The Gophers were just 3-of-18 from three-point range in the game.

Zach Eisendrath

While the Minnesota men’s basketball team snapped a pair of losing streaks earlier in the week, it couldn’t end a third Saturday.

The Gophers put up a solid effort but lost for the 17th consecutive time to Illinois, as the Illini toppled Minnesota 59-49 at Assembly Hall in Champaign, Ill.

up next

Iowa
when: 7 p.m. Wednesday
where: Williams Arena
TV: FSN North

Minnesota hasn’t been on the winning side of the series since 1999, and the Gophers haven’t won a game at Illinois since 1996.

Still, in what has become an almost un-winnable place for Minnesota, there were many positives the team can take from the game.

Sophomore center Jonathan Williams continues to show his dependability down low as he scored 10 points and grabbed a game-high eight rebounds. Junior forward Dan Coleman scored a team-high 13 points.

Even junior guard Limar Wilson, in his first game back from an undisclosed injury, proved he still has a spot in the rotation – scoring seven points on 3-of-5 shooting.

The Gophers also showed more energy and fight in one half than they did in the entire game against the Illini two weeks ago.

In that game, Illinois jumped out to a 13-0 lead and cruised to victory at Williams Arena. This time around the Gophers hung in for a solid 20 minutes and were only down four at the half.

But all the good Minnesota did Saturday was done in by one very bad stretch. Trailing 29-25 at the break, the Gophers went just 1-of-13 from the floor to start the second half and quickly found themselves down as many as 21 after a 23-6 Illini run over the first 13 minutes of the second half.

That run, in which Minnesota wasn’t hitting from the perimeter, cost the Gophers the game and continues to help prove a distinct trend that has been prevalent in wins and losses within the conference for Minnesota.

On the night, the Gophers went just 3-of-18 from behind the arc and sophomore guard Jamal Abu-Shamala, usually the Minnesota’s sharpest shooter, went 0-of-5 from three-point range and didn’t score. The Gophers are averaging just under four three-pointers made in their six conference losses and have drilled a combined 28 from long distance in their three Big Ten wins.

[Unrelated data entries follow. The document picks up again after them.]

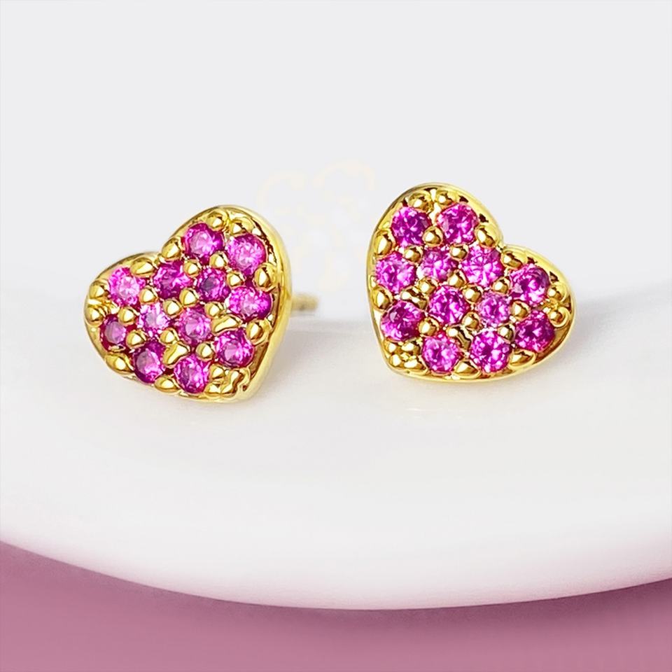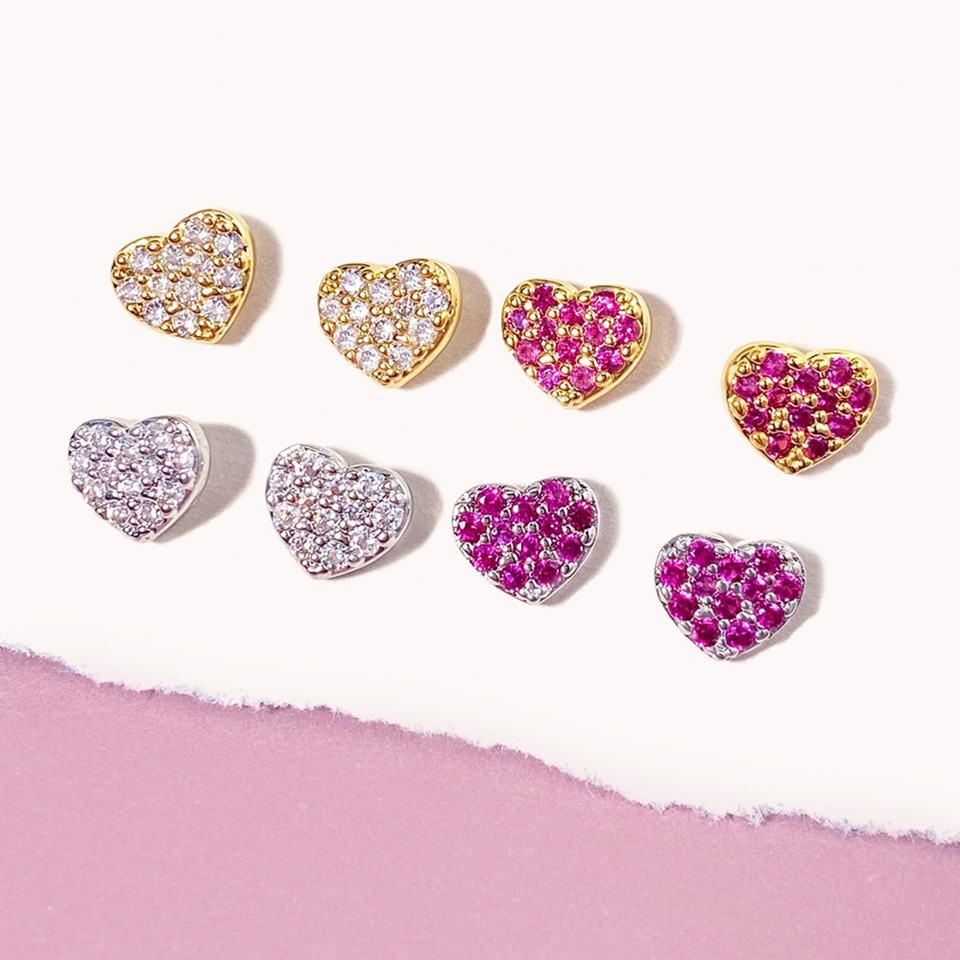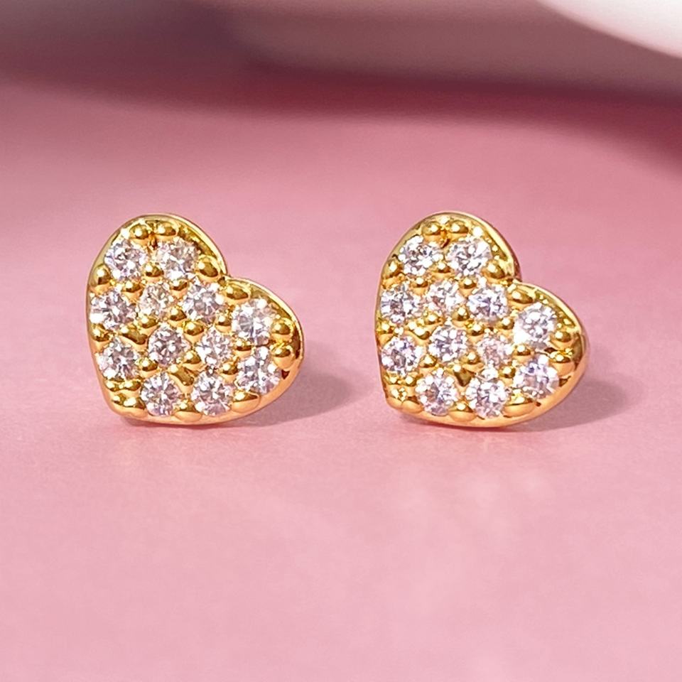 Iced Out CZ Zircon Stud Earrings Korea Style 18K Gold Plated Trendy Heart Earrings for Women
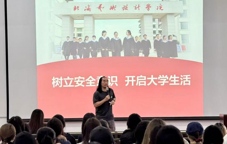 学院学工办主任谢鹏主讲了《大学生安全意识教育及学生手册》,引导 学生筑牢安全防线、紧绷纪律之弦,将规章制度内化于心、外化于行。
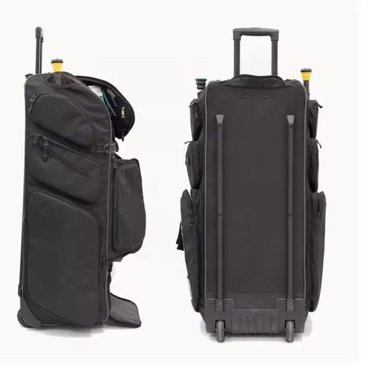Sac de sport à roulettes personnalisé pour équipement de cricket, fabriqué en usine BSCI, robuste, avec accessoires, sac de voyage à roulettes
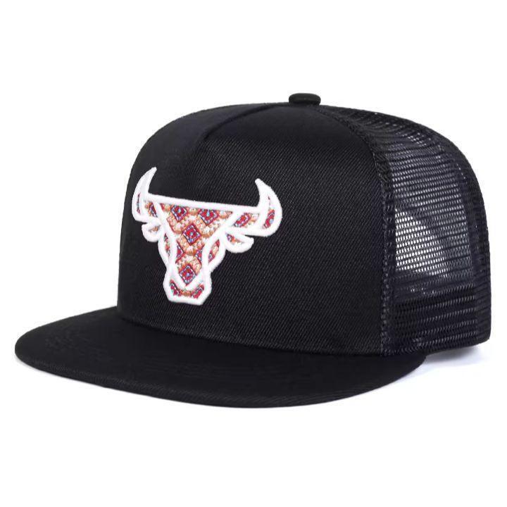 > 新品 エスニック ブル 刺繍 メッシュ キャップ 野球帽 帽子 ブラック メンズ レディース ユニセックス アメカジ ストリート
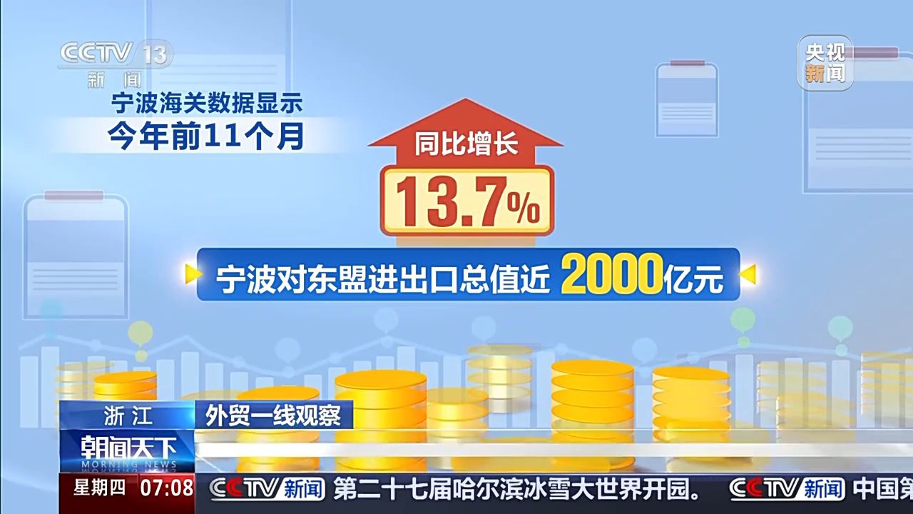 12月18日,央视新闻客户端发布文章《外贸一线观察丨开拓新兴市场 共建“一带一路”国家订单增长明显》,其中报道了宁波企业以技术实力与精准服务“圈粉”东盟市场。据宁波海关数据显示,今年前11个月,宁波对东盟进出口总值近2000亿元,同比增长13.7%。其中,机电产品作为宁波对东盟出口商品中的主力军,前11个月出口了近600亿元,增长22.9%。
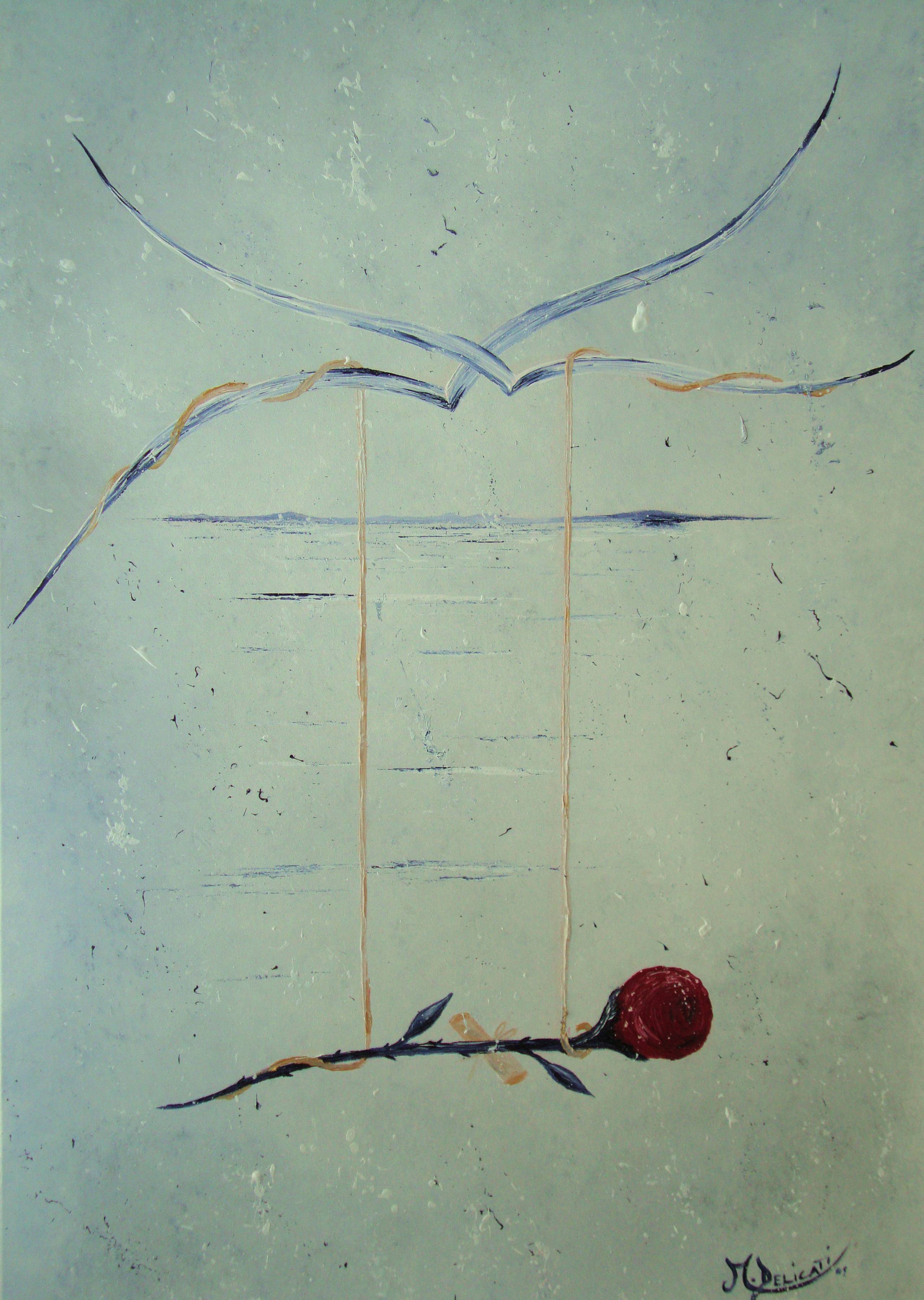 Obraz emanuje delikatnym urokiem, gdzie dominująca jest subtelna kolorystyka – pastelowe odcienie błękitu i szarości tworzą tło dla abstrakcyjnej kompozycji. Centralnym elementem są łagodnie zarysowane formy przypominające skrzydła, które przypominają o lekkości i wolności. Kontrastuje z nimi czerwona róża na dole, umocowana na cienkiej gałązce. Kompozycja obrazu jest minimalistyczna, lecz pełna symboliki. Nastrój dzieła wprowadza widza w stan spokoju i refleksji. Poprzez swoją prostotę obrazuje kruchość i piękno ulotnych chwil. Styl artysty jest niezwykle finezyjny, z wykorzystaniem technik impresjonistycznych i subtelnym podejściem do detali. Dzieło wywołuje we mnie uczucie melancholii. Myśli biegną ku chwiejności życia, ale też jego piękna. Róża, choć samotna, tętni pasją i życiem. Całość przypomina dream, w którym rzeczywistość miesza się ze snem. Siedmiolatek mógłby powiedzieć: to wygląda jak ptaszek, który przytula kwiatka. To malarskie dzieło zachwyca swoją prostotą i głęboką wymową.

While Minnesota’s perimeter shooting left much to be desired, the grit the Gophers displayed in its previous two games – wins over Penn State and Northwestern – was still evident in the loss.

Trailing by 21 points, Minnesota cut Illinois’ lead to nine with more than four minutes remaining, which gave the Gophers at least a chance of making things interesting.